Article 3 of the WTO SCM Agreement provides for two types of subsidies which are considered as prohibited subsidies, namely (i) export contingent and (ii) import substitution. A member-country is not allowed to grant or maintain these types of subsidies. Article 3 provides as below:
3.1 Except as provided in the Agreement on Agriculture, the following subsidies, within the meaning of Article 1, shall be prohibited:
(a) subsidies contingent, in law or in fact (see end note 1), whether solely or as one of several other conditions, upon export performance, including those illustrated in Annex I (see end note 2);
(b) subsidies contingent, whether solely or as one of several other conditions, upon the use of domestic over imported goods.
3.2 A Member shall neither grant nor maintain subsidies referred to in paragraph 1.

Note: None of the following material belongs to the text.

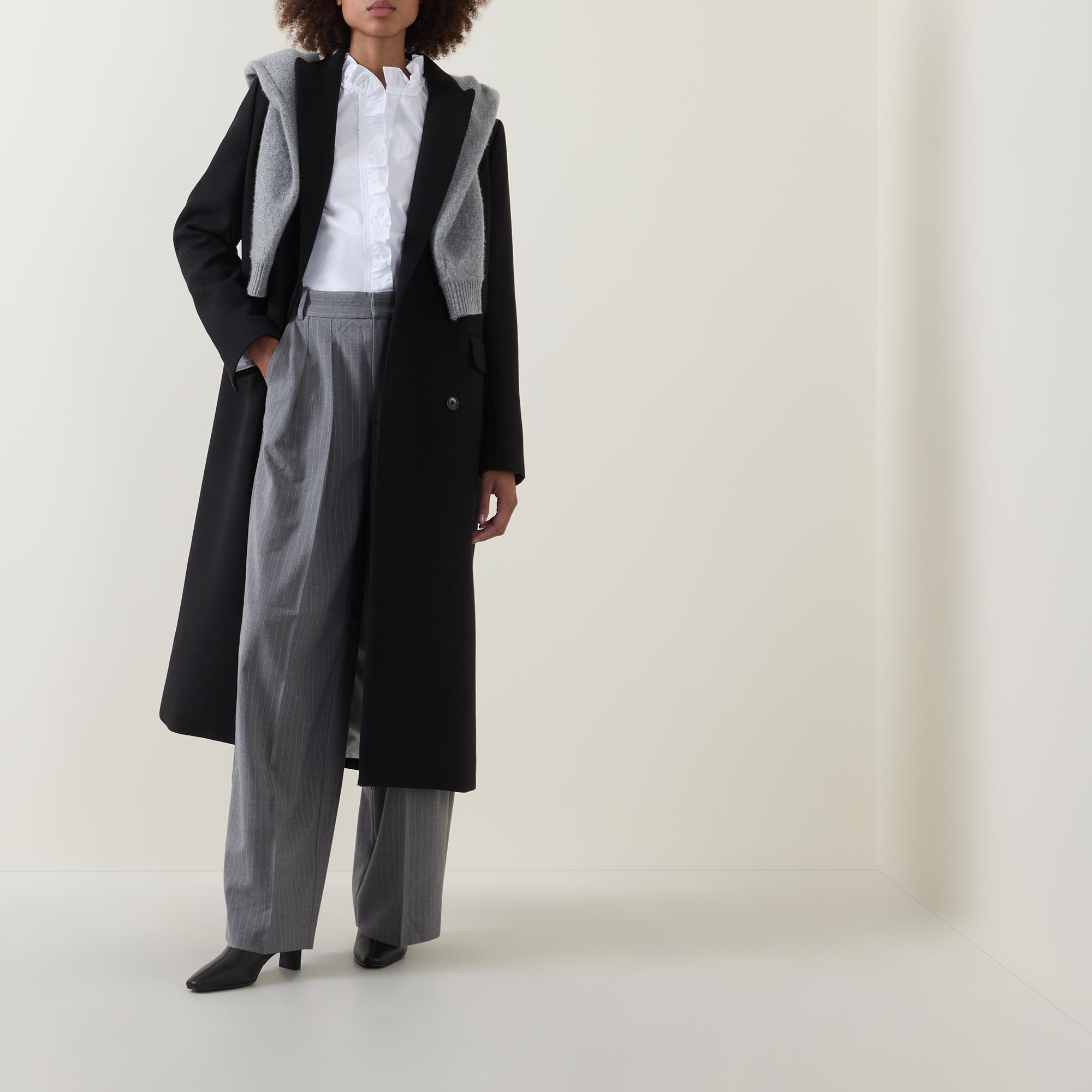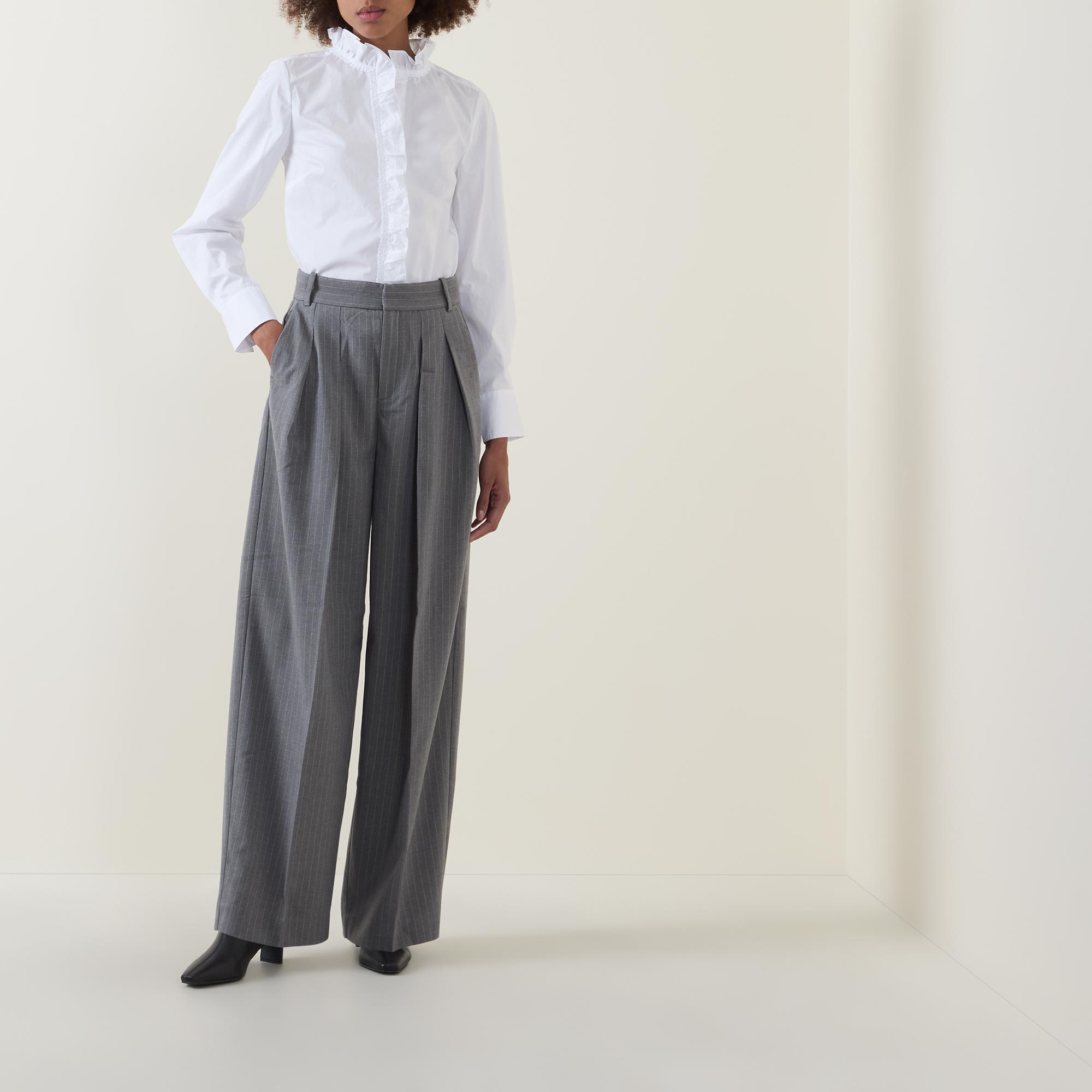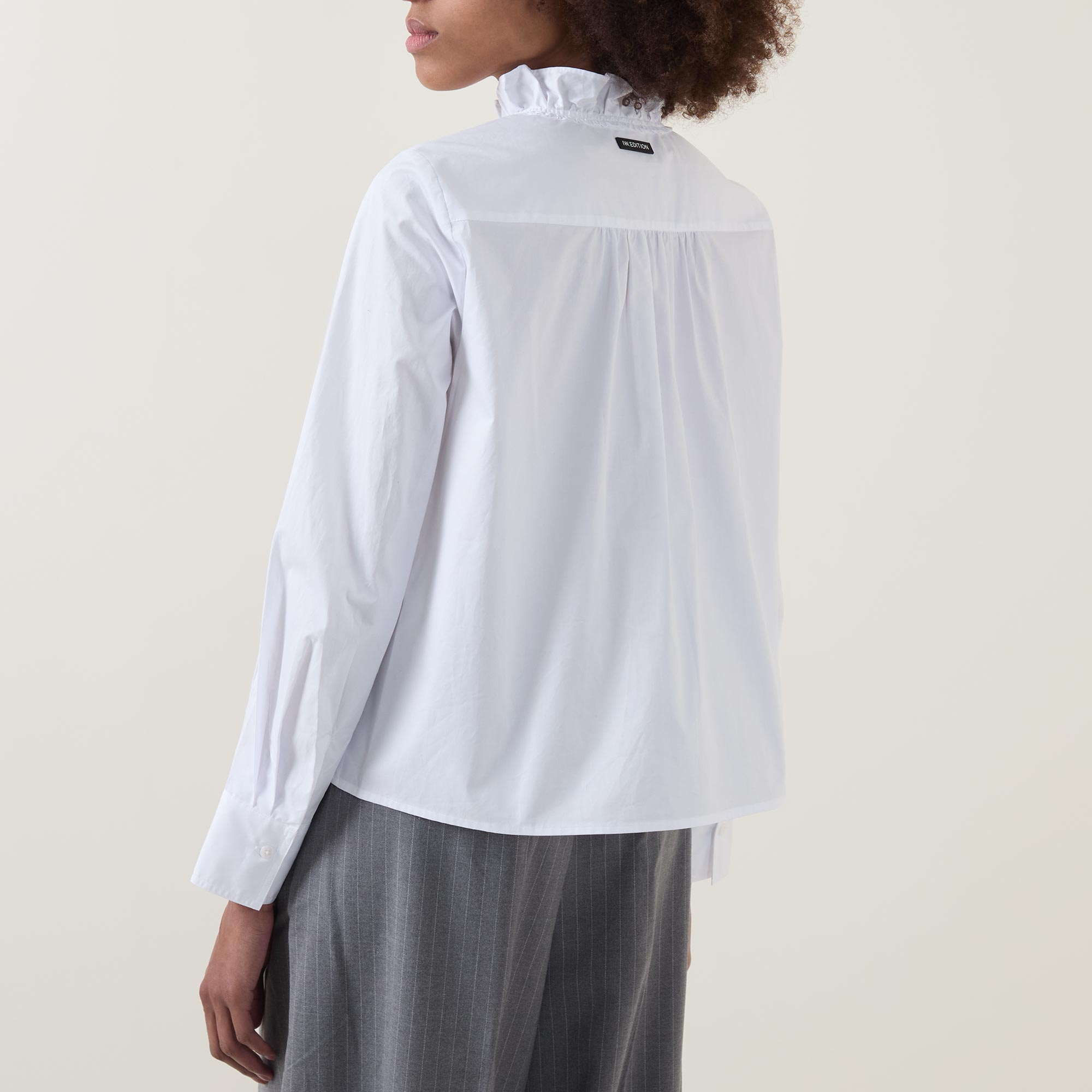 - High frill neckline, long sleeves, buttoned cuffs, concealed front placket with additional frill throughout, curved hemline, tonal stitching, rear logo label, crisp finish

However, under Article 27 of the SCM Agreement which provides for ‘special and differential treatment’ towards developing countries, prohibition on export contingent subsidies shall not apply to developing country members referred to in Annex VII [Article 27.2(a)] and other developing country members for a period of eight years from the date of entry into force of the WTO Agreement [Article 27.2(b)]. Article 27.2 provides as below:
27.2 The prohibition of paragraph 1(a) of Article 3 shall not apply to:
(a) developing country Members referred to in Annex VII.

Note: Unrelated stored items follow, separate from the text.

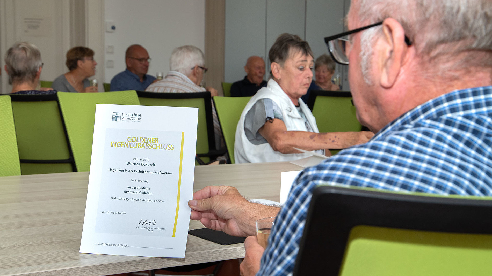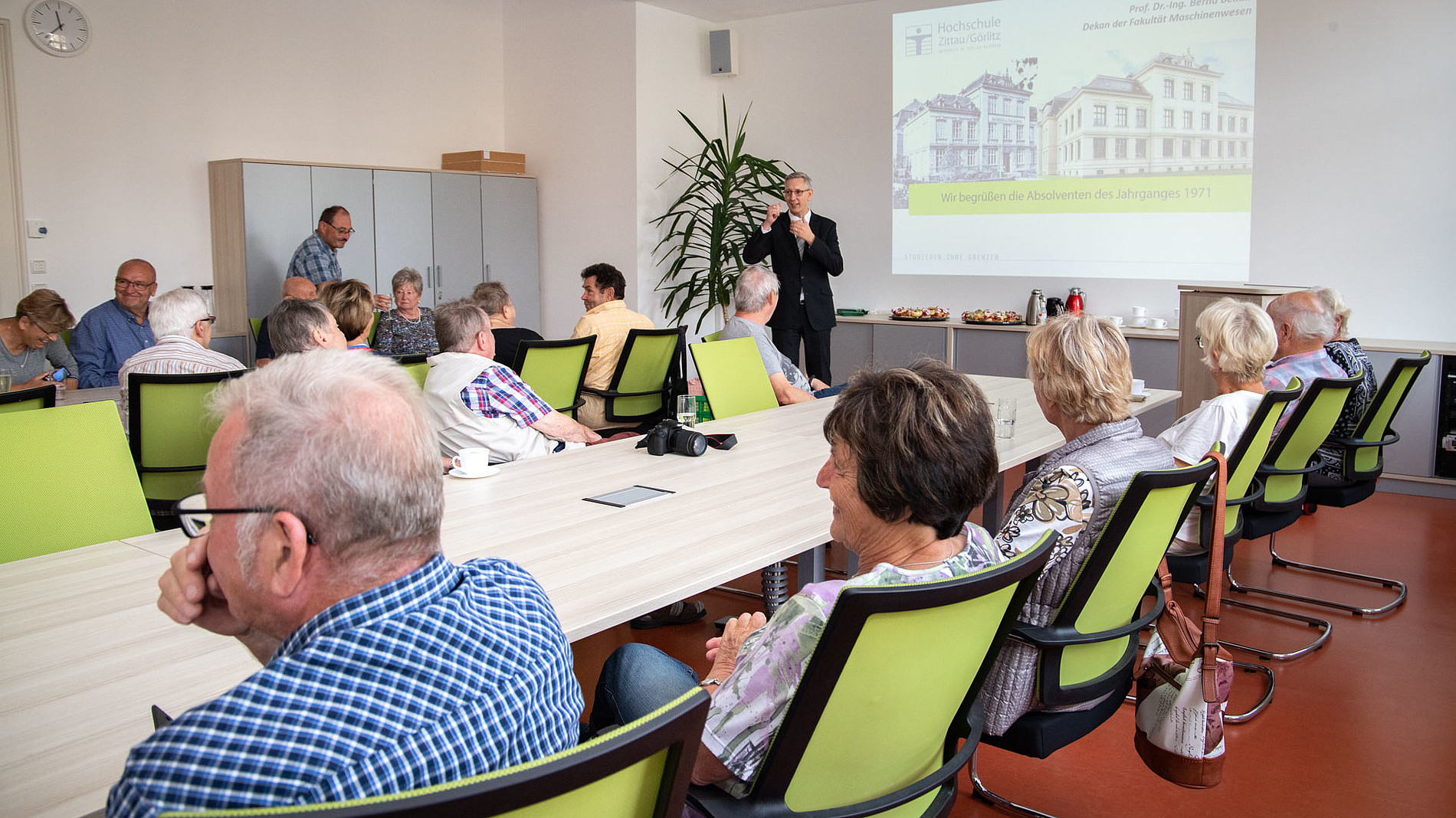 So auch eine Seminargruppe, die vor 50 Jahren ihren Ingenieurabschluss in Zittau ablegte. Sie wurden im Senatssaal der Hochschule vom Rektor, Herrn Prof. Dr.-Ing. Alexander Kratzsch, sowie vom Dekan der Fakultät Maschinenwesen, Herrn Prof. Dr.-Ing. Bernd Bellair, höchstpersönlich empfangen. Ein besonderes Highlight solcher Treffen ist die Übergabe der Goldenen Diplome.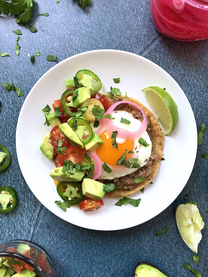 A crispy, freshly fried tortilla is topped with creamy ‘refried’ beans, a runny egg, pickled onions and a chunky tomato-avocado salsa in these best ever breakfast tostadas.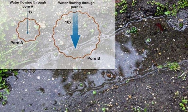 由于復(fù)雜的幾何形狀和科學(xué)性質(zhì),土壤孔隙大小對(duì)導(dǎo)水率特別重要。簡(jiǎn)單地說(shuō),與孔隙小的土壤相比,土壤孔隙大兩倍的土地,在同一時(shí)間量里,它的水流量要高出16倍。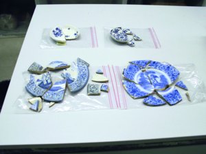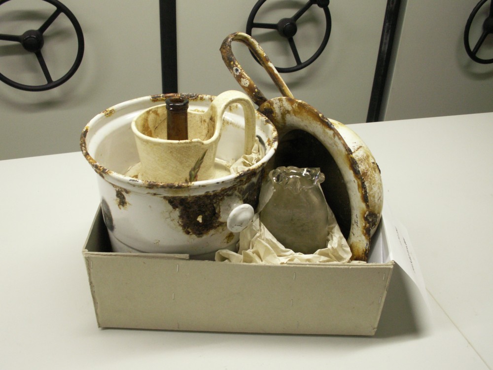 Inzwischen wurden in langwieriger Kleinarbeit „im stillen Kämmerlein“ die zahlreichen mittelalterlichen bis neuzeitlichen Funde der Lieferung von 2013 komplett inventarisiert. Dabei handelte es sich fast ausschließlich um die Inhalte von diversen Latrinen, die neben ihrem eigentlichen Zweck auch zur Entsorgung von allerlei Abfall dienten. Dieser bestand in der Hauptsache aus zerscherbtem Geschirr. Da die Latrinen immer wieder geleert werden mussten, blieben naturgemäß bei bereits im späten Mittelalter gebauten Anlagen nur wenige Scherben aus dieser Zeitstellung erhalten. Der Großteil der Scherben entfiel auf Gefäße der frühen Neuzeit bis hinein ins 20. Jahrhundert und bestand aus glasierten und unglasierten irdenen Töpfen, darunter auch die für die damalige Zeit obligatorischen Nachttöpfe, Siegburger und Westerwälder Steinzeug, rein weiße oder bemalte Fayencen sowie Porzellan.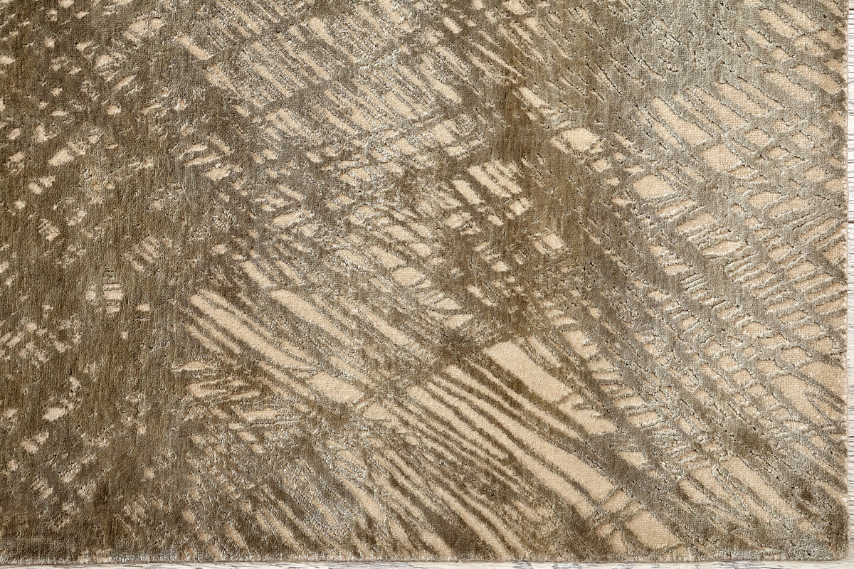 Дизайн ковров напоминает современные полотна художников-абстракционистов и производит столь же яркое и незабываемое впечатление в интерьере. Живописный эффект и необычная фактура зависят от выбора материала: натуральной шерсти, шёлка и от их сочетаний друг с другом. Ковры ткутся вручную в лучших мастерских Индии и Пакистана.

(b) other developing country Members for a period of eight years from the date of entry into force of the WTO Agreement, subject to compliance with the provisions in paragraph 4.
Annex VII exempts India from the prohibition under Article 3.1(a) of the Agreement. However, it conditions the exemption with the clause that when GNP per capita reaches $1000 per annum, then the country will be subject to provisions of paragraph 27.2(b). Annex VII in relevant part provides as below:
(b) Each of the following developing countries which are members of the WTO shall be subject to the provisions which are applicable to other developing country members which are applicable to paragraph 2(b) of Article 27 when GNP per capita has reached $1000 per annum …(see end note 3) Guyana, India, Indonesia…
At the time of Uruguay round of negotiations which resulted in the WTO Covered Agreement in the year 1995, GNP per capita income of India was much below $1000. India was allowed to maintain and grant export contingent subsidies. However, it has to be noted that there was no exemption from imposition of countervailing duty on the exported product which benefits from such export contingent subsidies (see end note 4). India is second only to China in facing the highest number of countervailing duty investigations in the world as of date (see end note 5).
It should be noted that many of the export contingent programmes can be argued as not amounting to financial contribution under Article 1 of the SCM as they squarely fall under footnote 1 to Article 1.1(a)(1)(ii) of the SCM Agreement. Under footnote 1 a mere exemption of an exported product from duties or taxes borne by the like product when destined for domestic consumption, or the remission of such duties or taxes borne by the like product when destined for domestic consumption, or the remission of such duties or taxes in amounts not in excess of those which have accrued are not considered as subsidy (see end note 6).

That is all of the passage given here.